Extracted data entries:
────────

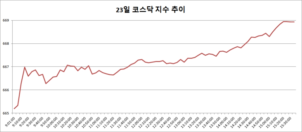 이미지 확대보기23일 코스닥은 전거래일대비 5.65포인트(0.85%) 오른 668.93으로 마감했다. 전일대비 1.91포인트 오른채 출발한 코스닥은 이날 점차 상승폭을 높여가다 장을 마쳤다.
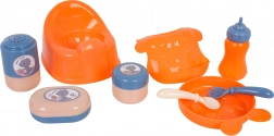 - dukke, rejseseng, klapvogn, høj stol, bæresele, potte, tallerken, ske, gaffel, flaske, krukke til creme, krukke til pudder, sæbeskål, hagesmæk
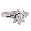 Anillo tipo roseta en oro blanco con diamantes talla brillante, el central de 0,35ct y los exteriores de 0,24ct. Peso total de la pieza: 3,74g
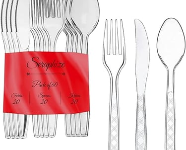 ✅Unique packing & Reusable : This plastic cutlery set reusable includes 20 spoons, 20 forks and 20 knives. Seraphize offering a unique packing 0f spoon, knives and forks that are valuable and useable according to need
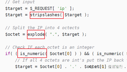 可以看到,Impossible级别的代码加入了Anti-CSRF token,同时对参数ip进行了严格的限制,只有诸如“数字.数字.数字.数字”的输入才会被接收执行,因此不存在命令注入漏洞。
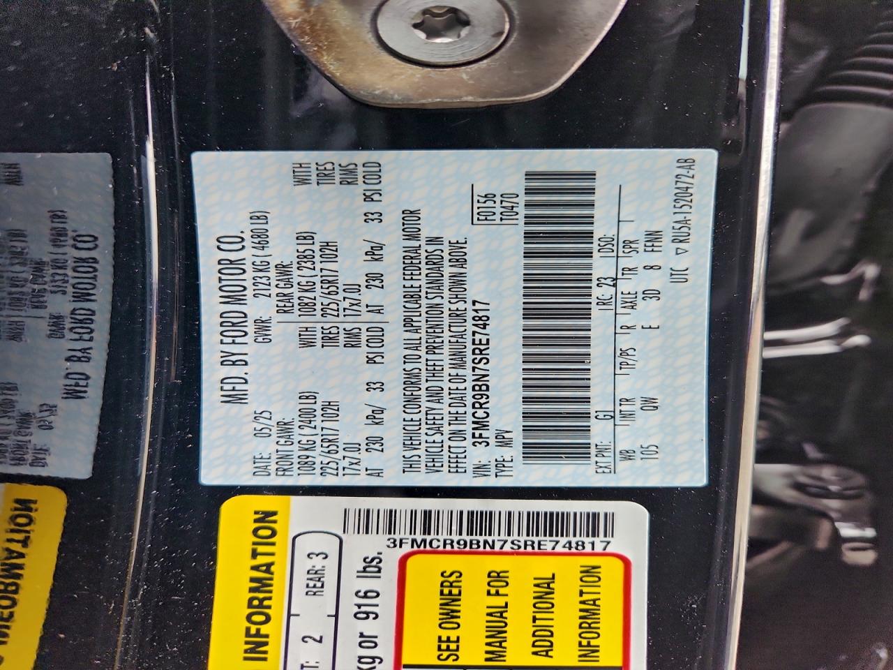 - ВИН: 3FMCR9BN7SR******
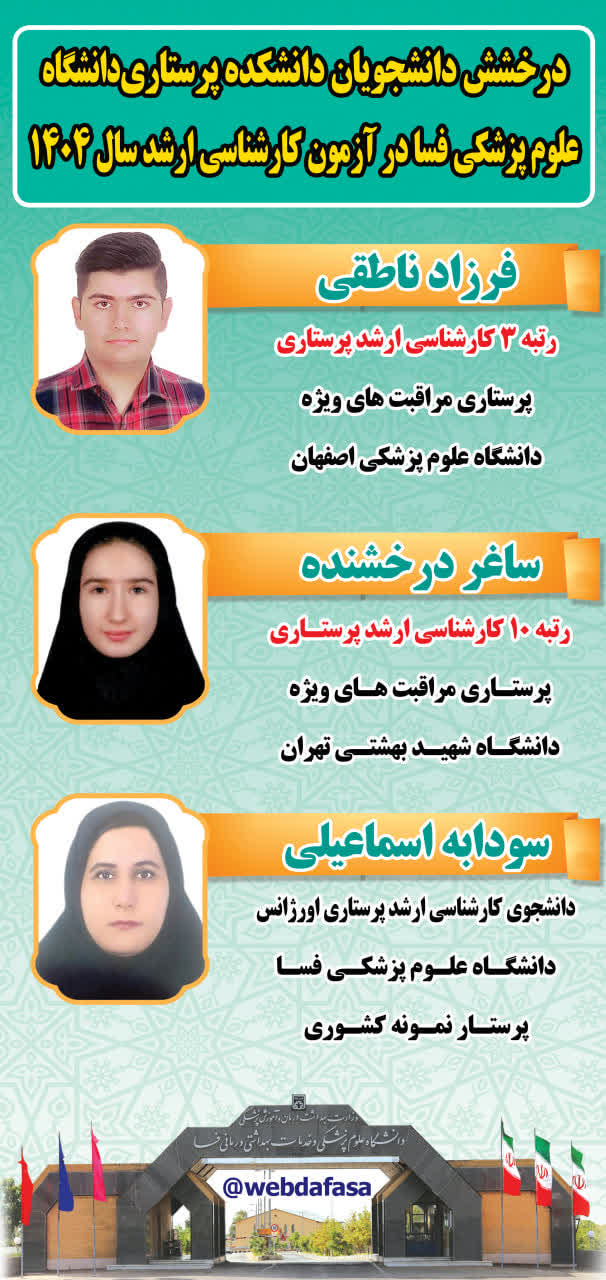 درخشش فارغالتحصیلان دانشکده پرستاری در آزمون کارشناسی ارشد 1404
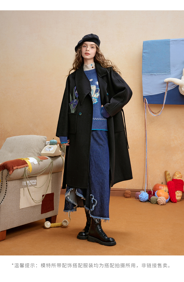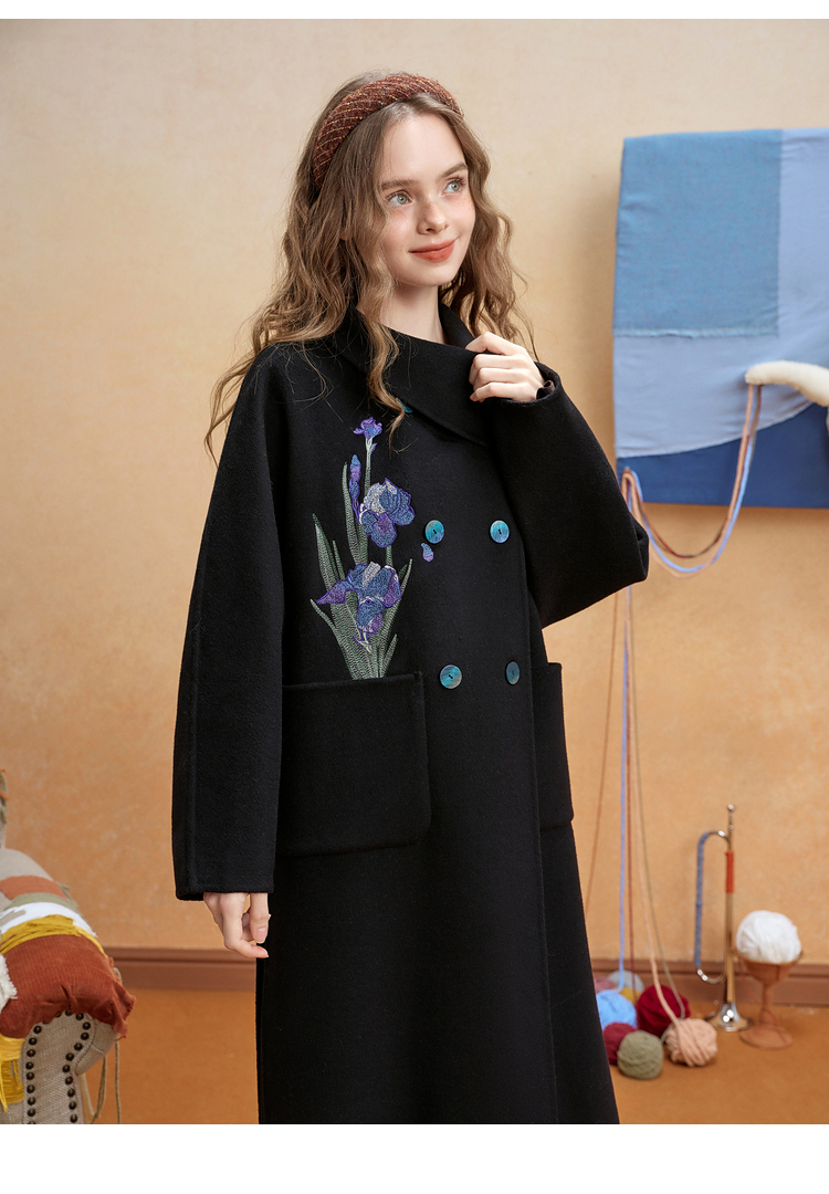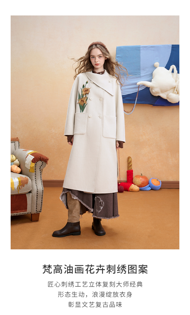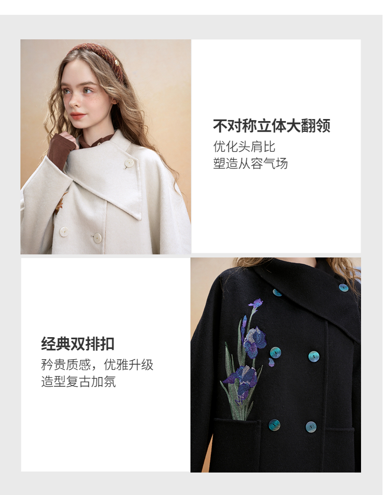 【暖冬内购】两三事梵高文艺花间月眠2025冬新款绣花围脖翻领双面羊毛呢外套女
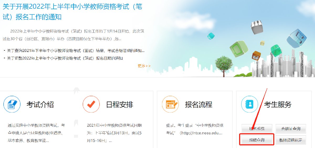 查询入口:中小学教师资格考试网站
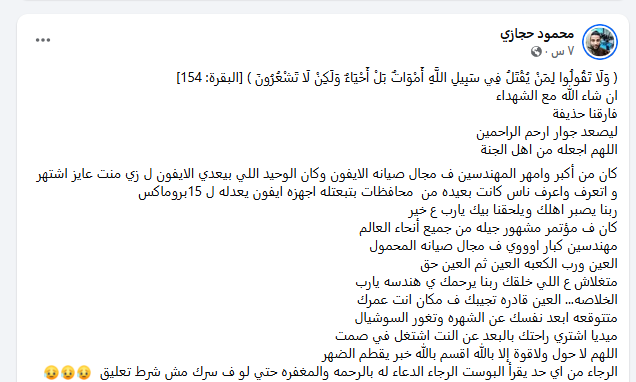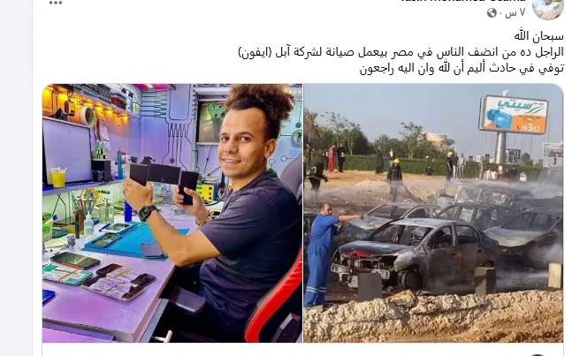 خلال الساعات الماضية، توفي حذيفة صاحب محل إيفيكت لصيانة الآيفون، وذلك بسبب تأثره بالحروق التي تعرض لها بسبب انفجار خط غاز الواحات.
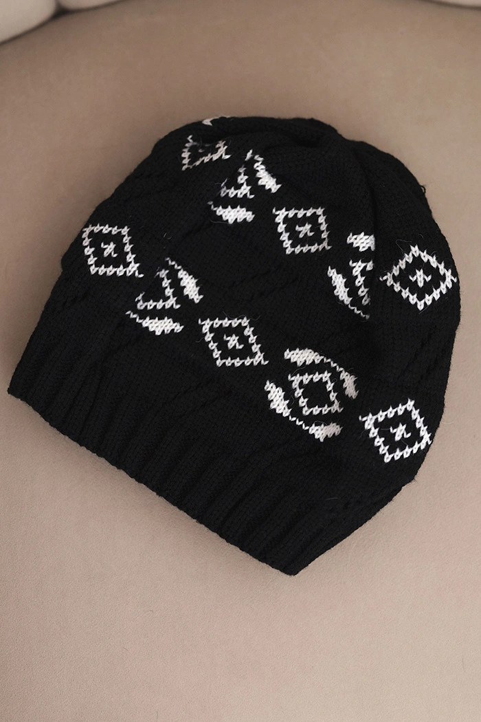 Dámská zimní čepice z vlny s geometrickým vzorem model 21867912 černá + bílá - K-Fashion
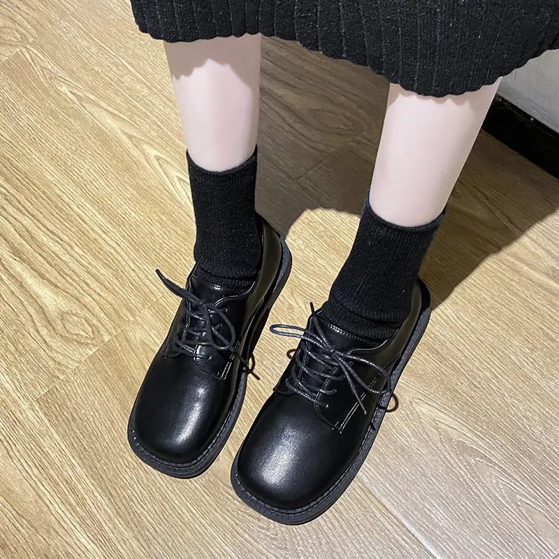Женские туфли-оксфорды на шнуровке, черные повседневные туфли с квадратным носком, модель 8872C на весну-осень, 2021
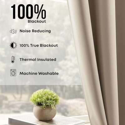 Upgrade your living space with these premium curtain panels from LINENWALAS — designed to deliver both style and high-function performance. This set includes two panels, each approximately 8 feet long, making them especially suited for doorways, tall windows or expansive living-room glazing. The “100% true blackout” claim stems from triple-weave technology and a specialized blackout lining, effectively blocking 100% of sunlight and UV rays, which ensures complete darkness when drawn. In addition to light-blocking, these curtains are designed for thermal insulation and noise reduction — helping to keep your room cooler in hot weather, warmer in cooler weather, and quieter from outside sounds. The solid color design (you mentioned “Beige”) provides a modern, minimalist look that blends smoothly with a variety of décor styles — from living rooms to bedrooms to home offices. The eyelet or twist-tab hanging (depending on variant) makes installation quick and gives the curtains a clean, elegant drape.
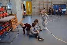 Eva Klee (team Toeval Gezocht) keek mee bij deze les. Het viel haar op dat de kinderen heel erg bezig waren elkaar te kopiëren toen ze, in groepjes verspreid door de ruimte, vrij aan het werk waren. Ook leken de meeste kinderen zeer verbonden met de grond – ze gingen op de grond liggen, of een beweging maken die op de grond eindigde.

────────

### Exercise description:
If an entry contains a picture, leave it out and repeat the rest exactly.

### Final answer:
 이미지 확대보기23일 코스닥은 전거래일대비 5.65포인트(0.85%) 오른 668.93으로 마감했다. 전일대비 1.91포인트 오른채 출발한 코스닥은 이날 점차 상승폭을 높여가다 장을 마쳤다.
 - dukke, rejseseng, klapvogn, høj stol, bæresele, potte, tallerken, ske, gaffel, flaske, krukke til creme, krukke til pudder, sæbeskål, hagesmæk
 Anillo tipo roseta en oro blanco con diamantes talla brillante, el central de 0,35ct y los exteriores de 0,24ct. Peso total de la pieza: 3,74g
 ✅Unique packing & Reusable : This plastic cutlery set reusable includes 20 spoons, 20 forks and 20 knives. Seraphize offering a unique packing 0f spoon, knives and forks that are valuable and useable according to need
 可以看到,Impossible级别的代码加入了Anti-CSRF token,同时对参数ip进行了严格的限制,只有诸如“数字.数字.数字.数字”的输入才会被接收执行,因此不存在命令注入漏洞。
 - ВИН: 3FMCR9BN7SR******
 درخشش فارغالتحصیلان دانشکده پرستاری در آزمون کارشناسی ارشد 1404
 【暖冬内购】两三事梵高文艺花间月眠2025冬新款绣花围脖翻领双面羊毛呢外套女
 查询入口:中小学教师资格考试网站
 خلال الساعات الماضية، توفي حذيفة صاحب محل إيفيكت لصيانة الآيفون، وذلك بسبب تأثره بالحروق التي تعرض لها بسبب انفجار خط غاز الواحات.
 Dámská zimní čepice z vlny s geometrickým vzorem model 21867912 černá + bílá - K-Fashion
Женские туфли-оксфорды на шнуровке, черные повседневные туфли с квадратным носком, модель 8872C на весну-осень, 2021
 Upgrade your living space with these premium curtain panels from LINENWALAS — designed to deliver both style and high-function performance. This set includes two panels, each approximately 8 feet long, making them especially suited for doorways, tall windows or expansive living-room glazing. The “100% true blackout” claim stems from triple-weave technology and a specialized blackout lining, effectively blocking 100% of sunlight and UV rays, which ensures complete darkness when drawn. In addition to light-blocking, these curtains are designed for thermal insulation and noise reduction — helping to keep your room cooler in hot weather, warmer in cooler weather, and quieter from outside sounds. The solid color design (you mentioned “Beige”) provides a modern, minimalist look that blends smoothly with a variety of décor styles — from living rooms to bedrooms to home offices. The eyelet or twist-tab hanging (depending on variant) makes installation quick and gives the curtains a clean, elegant drape.
 Eva Klee (team Toeval Gezocht) keek mee bij deze les. Het viel haar op dat de kinderen heel erg bezig waren elkaar te kopiëren toen ze, in groepjes verspreid door de ruimte, vrij aan het werk waren. Ook leken de meeste kinderen zeer verbonden met de grond – ze gingen op de grond liggen, of een beweging maken die op de grond eindigde.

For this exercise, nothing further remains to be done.